- Exercise aim
Retype exactly what runs from the first line of the data to the line with "ЛИТЕРАТУРА1.Филонов С.П. Тепловоз", keeping both of those lines and skipping pictures.

[Dataset records]
——————
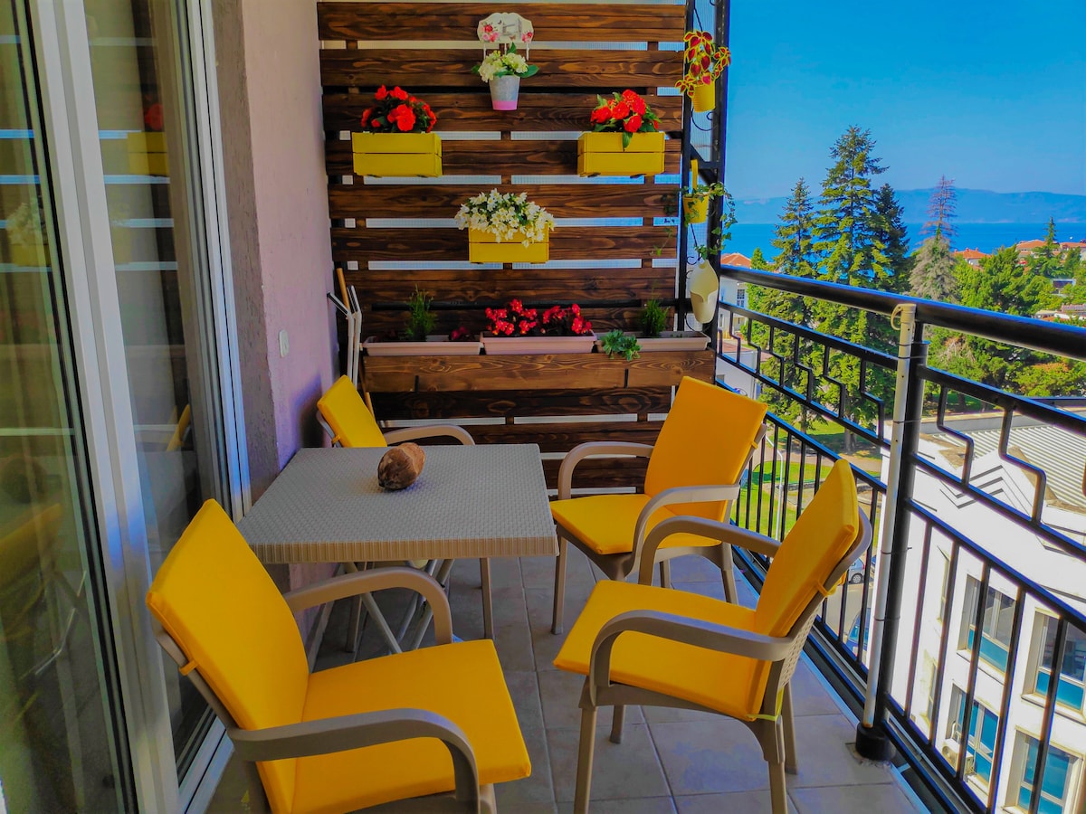 Perpektong Lokasyon. Magandang Tanawin. Kasama ang LIBRENG paradahan sa presyo. Ito ay isang bagong kamangha - manghang dinisenyo apartment. Sa ika -6 na palapag, mayroon itong kamangha - manghang tanawin ng Lake Ohrid, Old Town, at paglubog ng araw. Ang paglalagay sa gitna ng Ohrid sa paligid namin ay karaniwang lahat tulad ng inilarawan namin sa aming "kapitbahayan" na seksyon. Humigit - kumulang 100m ang Lake Ohrid at 10 minutong lakad ang pinakamalapit na beach ng lungsod. Ang central bus station ay matatagpuan sa loob ng 10 minutong biyahe at ang Ohrid International Airport ay mapupuntahan sa loob ng 15 minuto sa pamamagitan ng kotse.
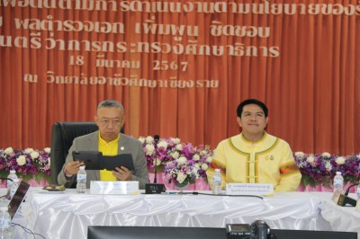 วันจันทร์ที่ 18 มีนาคม 2567 ดร.ศรากร บุญปถัมภ์ ผู้อำนวยการวิทยาลัยเทคนิคเชียงราย ปฏิบัติหน้าที่ ผู้อำนวยการสำนักงานอาชีวศึกษาจังหวัดเชียงราย เข้าร่วมประชุมรับนโยบายจาก พลตำรวจเอก เพิ่มพูน ชิดชอบ รัฐมนตรีว่าการกระทรวงศึกษาธิการ และ นายสุรศักดิ์ พันธ์เจริญวรกุล รัฐมนตรีช่วยว่าการกระทรวงศึกษาธิการ โดยได้เน้นย้ำให้ผู้บริหารและคณะครูจัดการเรียนการสอนและบริหารจัดการสถานศึกษาโดยยึดผลลัพธ์ผู้เรียนเป็นสำคัญ พัฒนาทักษะของผู้เรียนให้เป็นไปตามบริบทของสังคมในยุคปัจจุบัน เพื่อให้สอดคล้องกับนโยบายเรียนดี มีความสุข ณ ห้องประชุม วิทยาลัยอาชีวศึกษาเชียงราย อ.เมือง จ.เชียงราย
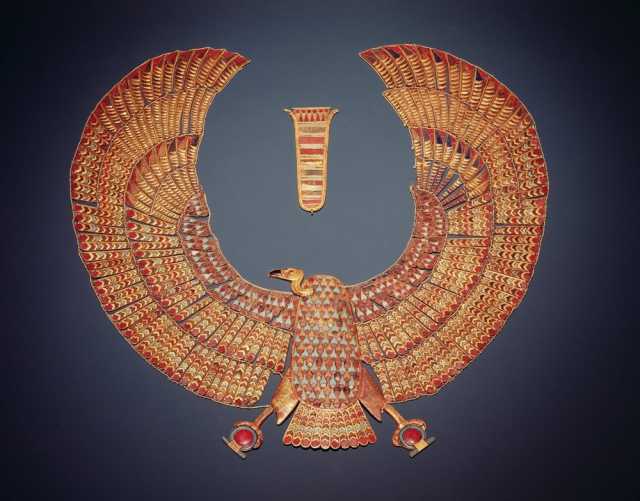 ونستعرض أبرز ماوجد في مقبرة الملك توت عنخ آمون من قلادات على شكل طوق للإله النسر نخبت وجدت في المقبرة "1370-1352" قبل الميلاد ، وهي عبارة عن ذهب مرصع بأحجار شبه كريمة.
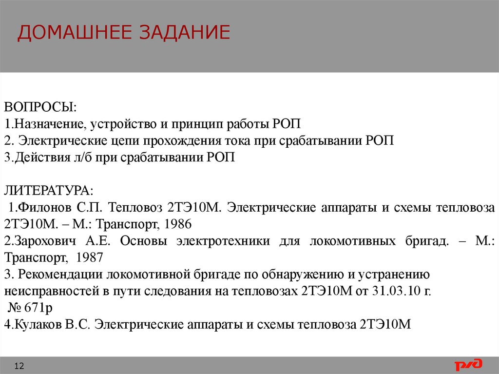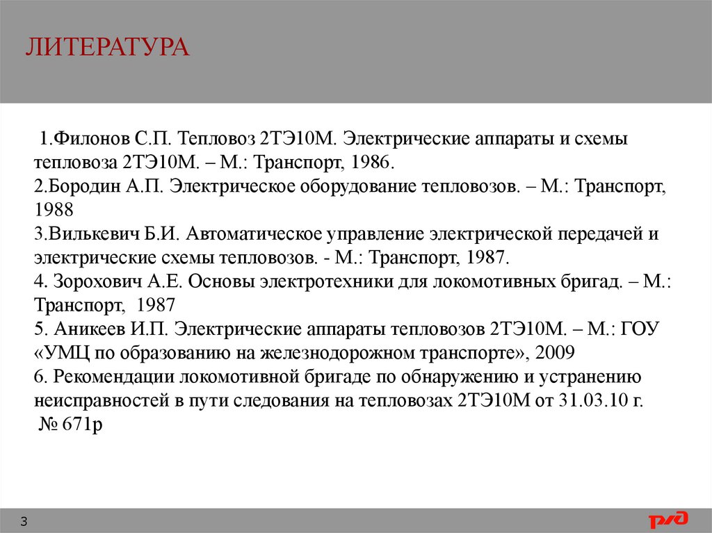 ЛИТЕРАТУРА1.Филонов С.П. Тепловоз 2ТЭ10М. Электрические аппараты и схемы
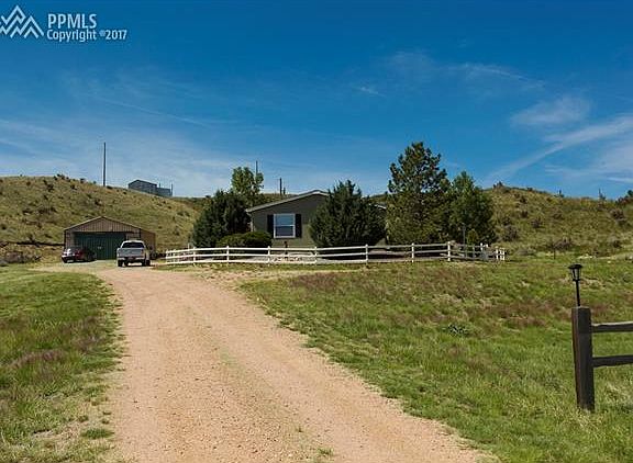 Imagine relaxing on your back patio with unobstructed views of the mountains and Pikes Peak as you enjoy your rural life away from the city's hustle and bustle. With your 5 acres, you have plenty of room to stretch and relax without disturbing any neighbors (or being disturbed by them). This four bedroom house is ready for you to move in... this is NOT a "sweat equity" property, or something that you need to "see the value" that might be there. It is an amazing residence ready to call home. Located on county maintained roads, the property includes a covered 10'x24' concrete patio in the front of the house and another 10'x20' concrete patio in the back with views of the mountains and Pikes Peak. Two-car detached garage is an extra large 24'x24' structure with built-in shelving. New tankless water heater and softener installed in 2021. Dishwasher installed in 2018. Newer water fixtures and plumbing, runs off of city water not well water. Well established landscaping and wind breaks. Some furniture and landscaping equipment can be negotiable.
——————
- Reply
 Perpektong Lokasyon. Magandang Tanawin. Kasama ang LIBRENG paradahan sa presyo. Ito ay isang bagong kamangha - manghang dinisenyo apartment. Sa ika -6 na palapag, mayroon itong kamangha - manghang tanawin ng Lake Ohrid, Old Town, at paglubog ng araw. Ang paglalagay sa gitna ng Ohrid sa paligid namin ay karaniwang lahat tulad ng inilarawan namin sa aming "kapitbahayan" na seksyon. Humigit - kumulang 100m ang Lake Ohrid at 10 minutong lakad ang pinakamalapit na beach ng lungsod. Ang central bus station ay matatagpuan sa loob ng 10 minutong biyahe at ang Ohrid International Airport ay mapupuntahan sa loob ng 15 minuto sa pamamagitan ng kotse.
 วันจันทร์ที่ 18 มีนาคม 2567 ดร.ศรากร บุญปถัมภ์ ผู้อำนวยการวิทยาลัยเทคนิคเชียงราย ปฏิบัติหน้าที่ ผู้อำนวยการสำนักงานอาชีวศึกษาจังหวัดเชียงราย เข้าร่วมประชุมรับนโยบายจาก พลตำรวจเอก เพิ่มพูน ชิดชอบ รัฐมนตรีว่าการกระทรวงศึกษาธิการ และ นายสุรศักดิ์ พันธ์เจริญวรกุล รัฐมนตรีช่วยว่าการกระทรวงศึกษาธิการ โดยได้เน้นย้ำให้ผู้บริหารและคณะครูจัดการเรียนการสอนและบริหารจัดการสถานศึกษาโดยยึดผลลัพธ์ผู้เรียนเป็นสำคัญ พัฒนาทักษะของผู้เรียนให้เป็นไปตามบริบทของสังคมในยุคปัจจุบัน เพื่อให้สอดคล้องกับนโยบายเรียนดี มีความสุข ณ ห้องประชุม วิทยาลัยอาชีวศึกษาเชียงราย อ.เมือง จ.เชียงราย
 ونستعرض أبرز ماوجد في مقبرة الملك توت عنخ آمون من قلادات على شكل طوق للإله النسر نخبت وجدت في المقبرة "1370-1352" قبل الميلاد ، وهي عبارة عن ذهب مرصع بأحجار شبه كريمة.
 ЛИТЕРАТУРА1.Филонов С.П. Тепловоз 2ТЭ10М. Электрические аппараты и схемы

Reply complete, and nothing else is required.